Die FPÖ, angeführt von Spitzenkandidat Norbert Hofer, konnte sich mehr als verdoppeln und erzielte das historisch beste Ergebnis der Freiheitlichen im Burgenland. Dennoch blieb das Ziel, einen roten Landeshauptmann zu verhindern, außer Reichweite – nicht zuletzt aufgrund einer weiterhin schwachen ÖVP. Es ist allerdings denkbar, dass die FPÖ in Eisenstadt als Juniorpartner in die Landesregierung einzieht. Möglich ist das, weil Doskozil die „Brandmauer“ der SPÖ gegen die FPÖ nicht allzu genau nimmt.

Und genau das ist der entscheidende Punkt. Doskozil wird sich von der Bundes-SPÖ nichts vorschreiben lassen und selbstbewusst eigene Entscheidungen treffen. Nach dem Wahlsonntag ist wieder mit stärkeren Konflikten innerhalb der SPÖ zu rechnen. Seit der Excel-Panne am Bundesparteitag 2023 hielt sich Doskozil mit Angriffen auf die Bundes-SPÖ weitgehend zurück. Doch das könnte sich nun ändern. Der Burgenländer hat – im Gegensatz zu Andreas Babler und vielen anderen SPÖ-Landesorganisationen – bei seiner Wahl geliefert. Die moderaten Verluste sind für ihn verkraftbar. Doskozil sitzt wie kein anderer SPÖ-Spitzenfunktionär fest im Sattel. Das gibt ihm die Stärke, in der Bundes-SPÖ erneut mit- und aufzumischen.

Ludwig muss nun nachziehen

Seine Liste offener Rechnungen ist lang, und der Schmerz über den Rückschlag vom Bundesparteitag 2023 sitzt tief, als er nach 48 Stunden als SPÖ-Bundesvorsitzender wieder nach Eisenstadt zurückkehren musste und Babler ihn vom SPÖ-Thron stieß.

Für Babler wird die Lage unangenehmer, und der Druck auf ihn nimmt weiter zu.

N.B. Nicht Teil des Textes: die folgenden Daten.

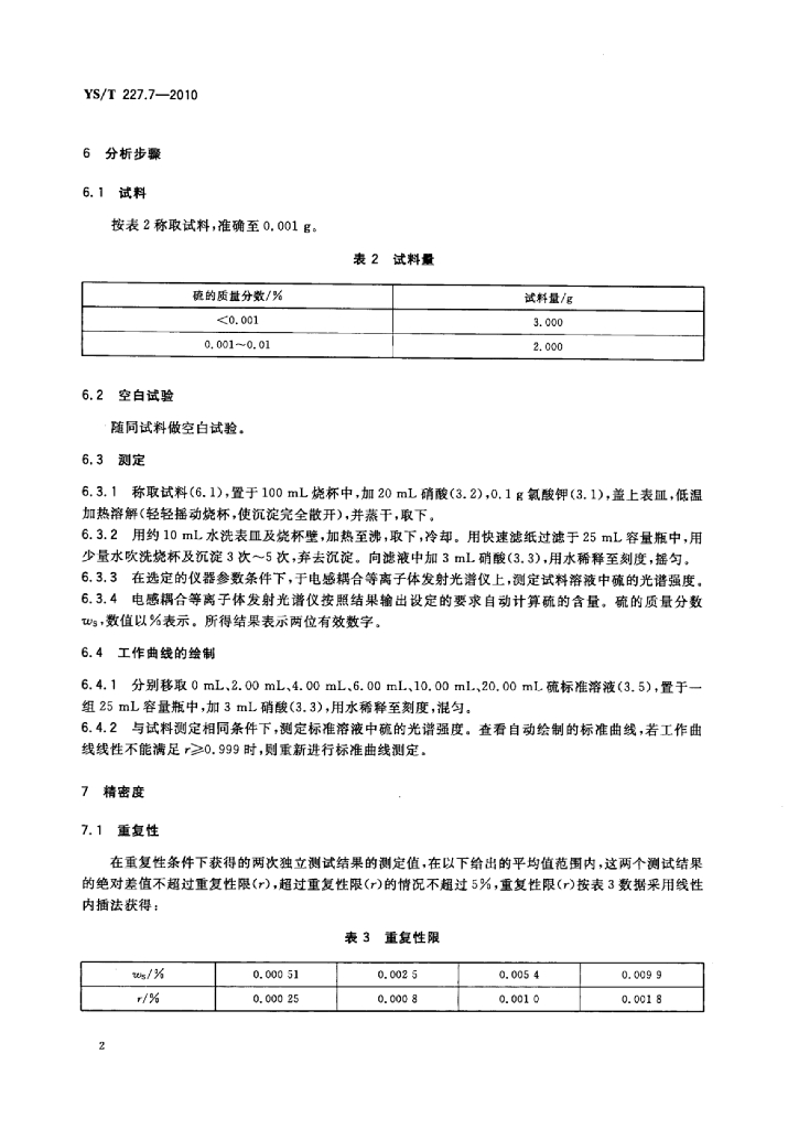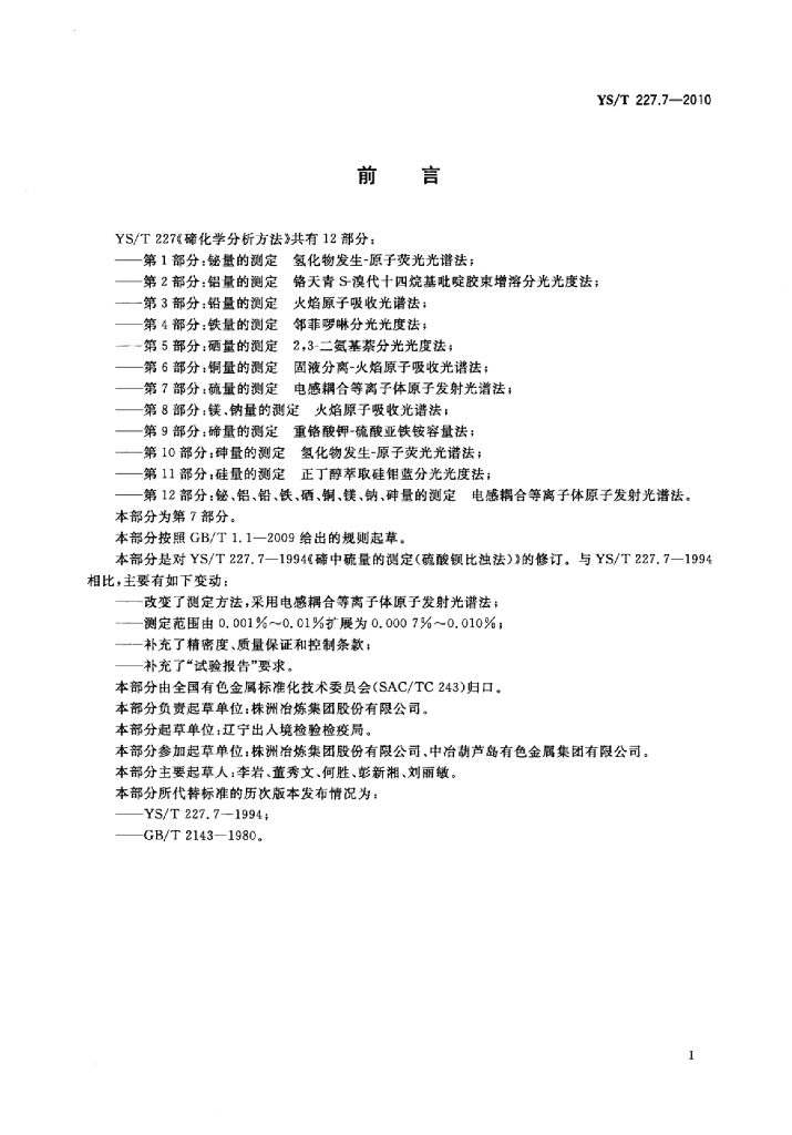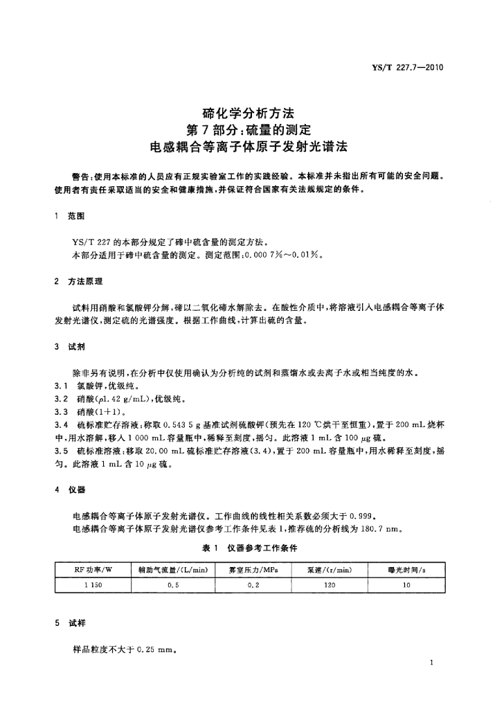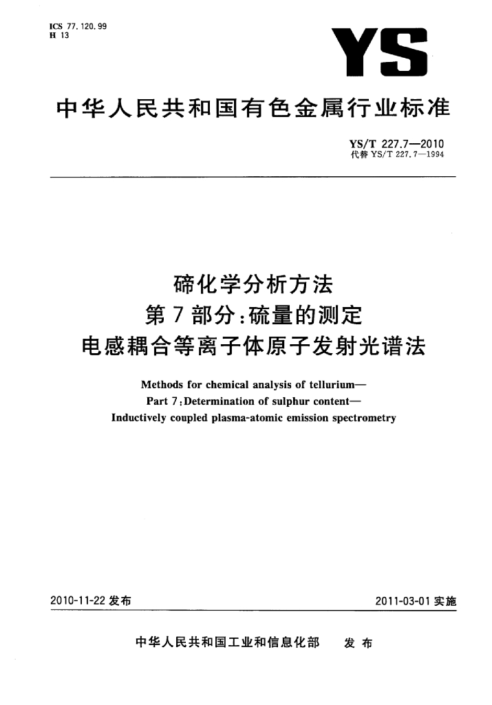 YS/T 227.7-2010 碲化学分析方法 第7部分:硫量的测定电感耦合等离子体原子发射光谱法

Nach den verkorksten Koalitionsverhandlungen droht den Sozialdemokraten für weitere fünf Jahre die Oppositionsbank. Auch die vorgezogene Wien-Wahl wird für den SPÖ-Chef eine ungemütliche Angelegenheit werden. Der bislang erfolglose Babler wird regelmäßig aus Eisenstadt das Fett abbekommen. Doskozil kann sich zurücklehnen und nach Belieben den Genossen in Wien ausrichten, was er von der aktuellen Performance der Bundes-SPÖ hält. Die Zeiten werden wieder rauer in der SPÖ und auch für Wiens wahlkämpfenden Michael Ludwig steht einiges auf dem Spiel. Doskozil hat am Sonntag vorgelegt, Ludwig muss nun nachziehen und einen ähnlich herzeigbaren Erfolg für die Wiener SPÖ heimbringen. Schafft er das nicht, ist „Dosko“ der neue Starke in der SPÖ.